### EXERCISE PROMPT
Copy out the entire listing below exactly, but without its pictures.
START INFORMATION PROVIDED
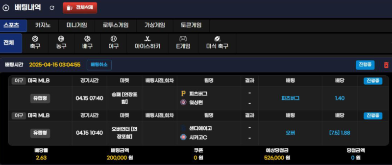 메인뱃) MLB 후기 작성자 정보 김배틀쪽지보내기 자기소개 닉네임으로 검색쪽지보내기 자기소개 닉네임으로 검색 작성 작성일 2025.04.15 12:58 컨텐츠 정보 971 조회 1 댓글 0 추천 목록 관리 글검색 본문 피츠버그는 스킨스 푸근했고 샌디에이고 오버는 마지막에 시카고컵스 볼쟁이 올라오면서 선픽리그전 1승 성공!! 0 추천 관련자료 이전 멤피스 야구 후기 작성일 2025.06.03 22:35 다음 멤피스 해외축구 후기 작성일 2025.04.14 12:02 댓글 1 기커조님의 댓글 기커조쪽지보내기 자기소개 닉네임으로 검색쪽지보내기 자기소개 닉네임으로 검색 작성일 2025.04.15 14:07 축하합니다 축하합니다 로그인한 회원만 댓글 등록이 가능합니다. 목록 관리 글검색
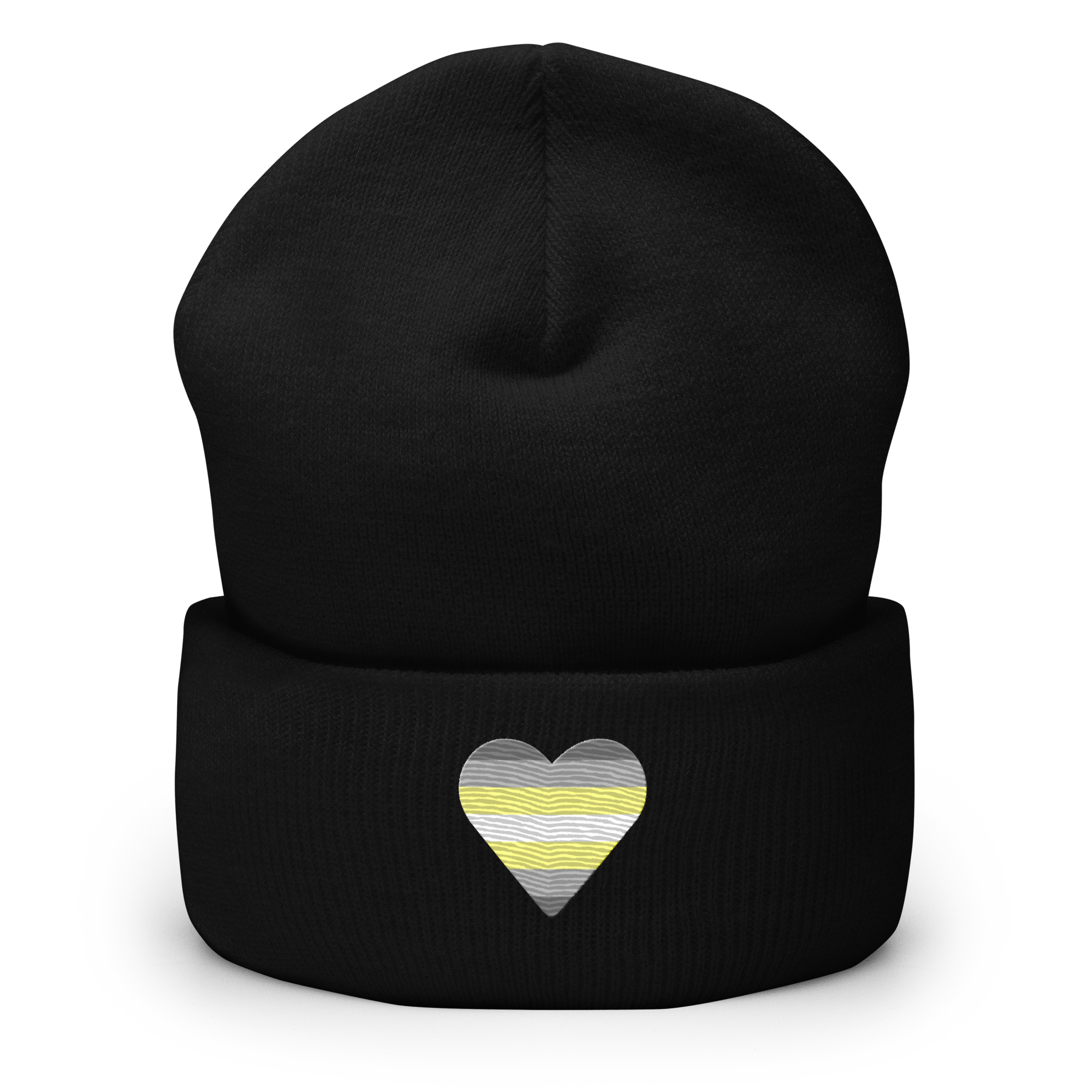 Demigender Flag Embroidered Heart Beanie: Celebratory LGBTQ+ Pride Design
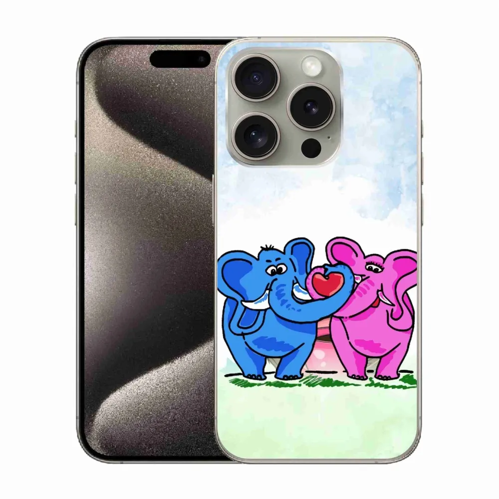 Rugalmas zselés tok mmCase képpel iPhone 15 Pro készülékhez - szerelmes elefántok
END INFORMATION PROVIDED
### WORKED SOLUTION
 메인뱃) MLB 후기 작성자 정보 김배틀쪽지보내기 자기소개 닉네임으로 검색쪽지보내기 자기소개 닉네임으로 검색 작성 작성일 2025.04.15 12:58 컨텐츠 정보 971 조회 1 댓글 0 추천 목록 관리 글검색 본문 피츠버그는 스킨스 푸근했고 샌디에이고 오버는 마지막에 시카고컵스 볼쟁이 올라오면서 선픽리그전 1승 성공!! 0 추천 관련자료 이전 멤피스 야구 후기 작성일 2025.06.03 22:35 다음 멤피스 해외축구 후기 작성일 2025.04.14 12:02 댓글 1 기커조님의 댓글 기커조쪽지보내기 자기소개 닉네임으로 검색쪽지보내기 자기소개 닉네임으로 검색 작성일 2025.04.15 14:07 축하합니다 축하합니다 로그인한 회원만 댓글 등록이 가능합니다. 목록 관리 글검색
 Demigender Flag Embroidered Heart Beanie: Celebratory LGBTQ+ Pride Design
 Rugalmas zselés tok mmCase képpel iPhone 15 Pro készülékhez - szerelmes elefántok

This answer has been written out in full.